Return the stretch from the line with "我圣诞有礼后面没有进入活动这" through the line with "Providing acoustic and" in the data below, character for character, skipping all pictures.

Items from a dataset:
____

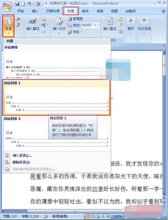 5.关闭后返回到页面视图中,我们将光标定位在需要添加目录的地方,小编在这里先将其定位在顶部,之后单击“引用”选项卡,在“目录”区域单击“目录”选项组,在弹出的下拉菜单中选择“自动目录1“命令;
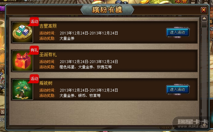 我圣诞有礼后面没有进入活动这按钮,进入游戏画面也找不到圣诞有礼这图标,还有是不是还有个国庆有礼活动,那个我也找不到,请给解决下。
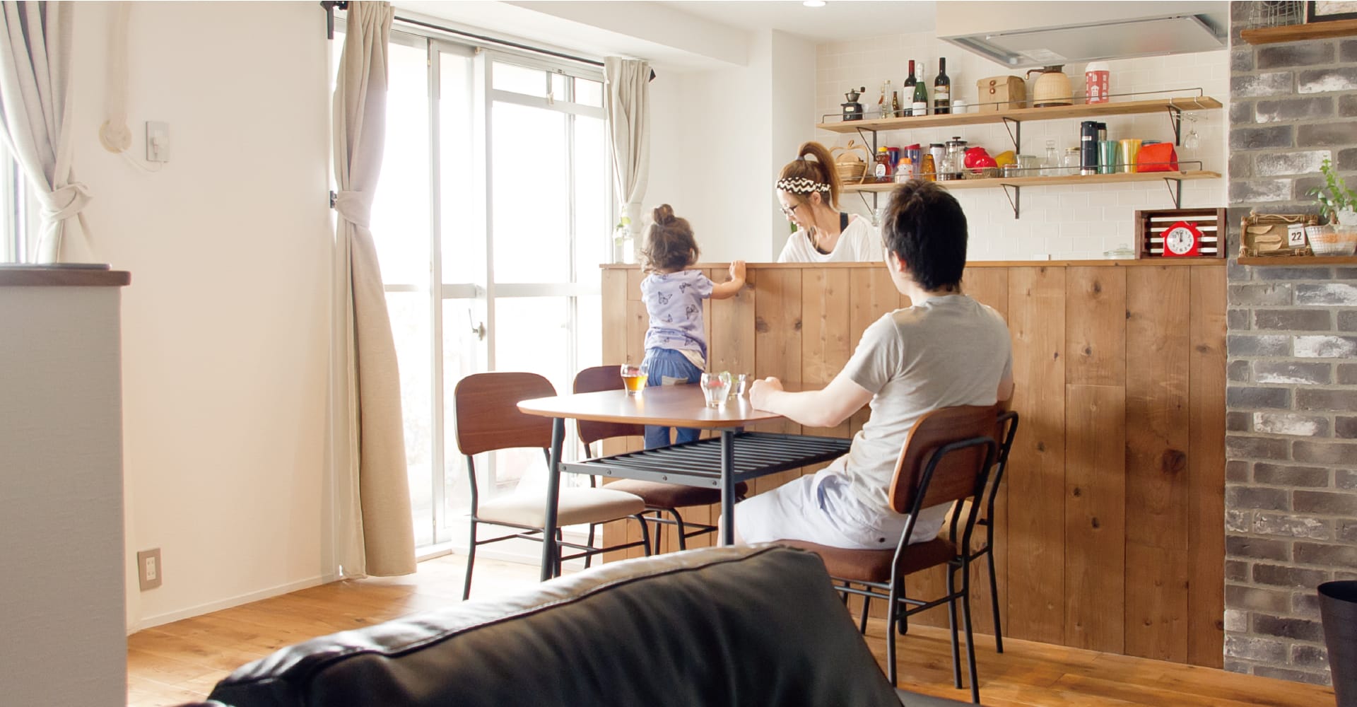 LDKを広々とさせるために、和室を撤去。対面式のキッチンやワークスペースはTさんのお気に入り。
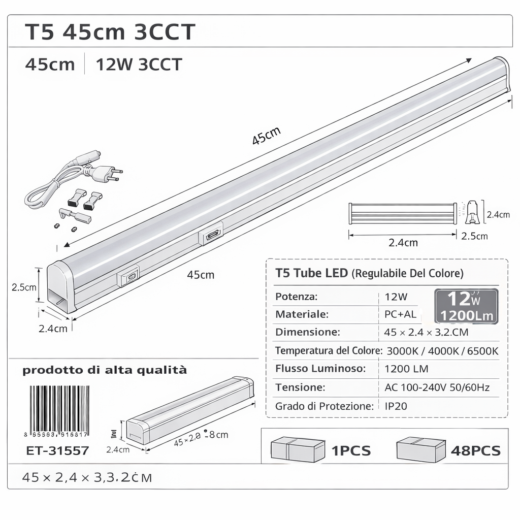 tubo led t5 da 45 cm ideale per illuminazione sottopensile, scaffali, banchi da lavoro e ambienti interni. garantisce una luce uniforme, efficiente e facilmente adattabile grazie alla selezione della temperatura colore.
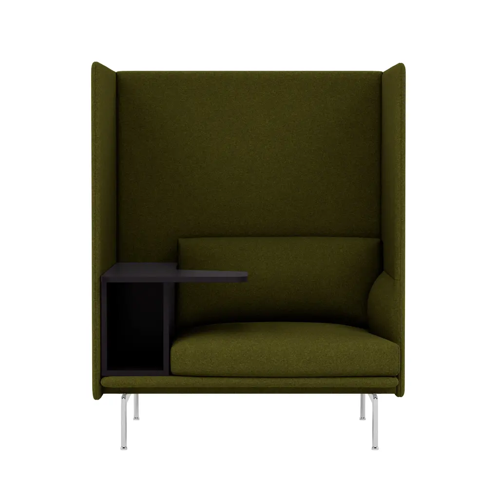 Providing acoustic and spatial shelter, Muuto’s refined Outline series adds Highback Work, combining expansive seated comfort with a desk surface-storage cubby on a trim base. Options include left or right orientation and a cable outlet for easy power access, making the chair a complete task-oriented environment for open-plan offices or hospitality settings.
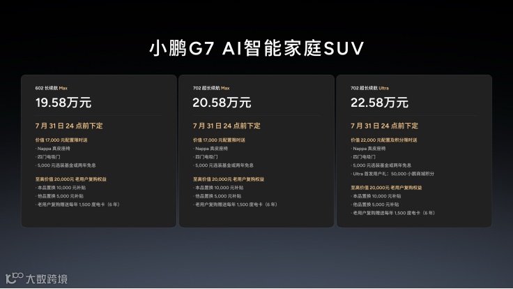 7月3日,小鹏汽车旗下全新中型SUV——小鹏G7正式上市,号称是全球首款L3级算力的超级AI汽车。新车共推出602长续航Max、702超长续航Max、702超长续航Ultra三个版本,官方指导售价分别为19.58万元、20.58万元和22.58万元,上市即刻可以交付。
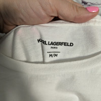 Karis Lagerfeld Paris Very soft, bright white, short-sleeved t-shirt Ribbed neckline Solid bule and red stripe with spellout across chest 100% Cotton Flat laid Measurements: Chest pit to pit: 20", Pit to waistline 18", Shoulders 18"
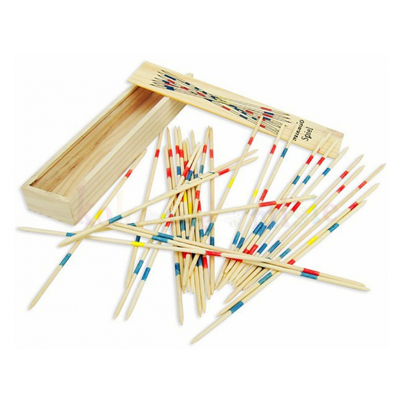 Tyčinky dopadnou na podložku a soupeři pak vytahují z hromádky jednu za druhou.
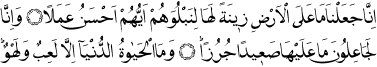 Yeryüzünde ne varsa Biz dünya için bir süs olarak yarattık ki, insanlardan hangisi daha güzel işler yapacak diye onları imtihan edelim. • Onun üzerindeki herşeyi Biz elbette kupkuru bir toprak haline getireceğiz. (Kehf Sûresi: 7-8.)

____

### OUTPUT FOR THIS TASK
 我圣诞有礼后面没有进入活动这按钮,进入游戏画面也找不到圣诞有礼这图标,还有是不是还有个国庆有礼活动,那个我也找不到,请给解决下。
 LDKを広々とさせるために、和室を撤去。対面式のキッチンやワークスペースはTさんのお気に入り。
 tubo led t5 da 45 cm ideale per illuminazione sottopensile, scaffali, banchi da lavoro e ambienti interni. garantisce una luce uniforme, efficiente e facilmente adattabile grazie alla selezione della temperatura colore.
 Providing acoustic and spatial shelter, Muuto’s refined Outline series adds Highback Work, combining expansive seated comfort with a desk surface-storage cubby on a trim base. Options include left or right orientation and a cable outlet for easy power access, making the chair a complete task-oriented environment for open-plan offices or hospitality settings.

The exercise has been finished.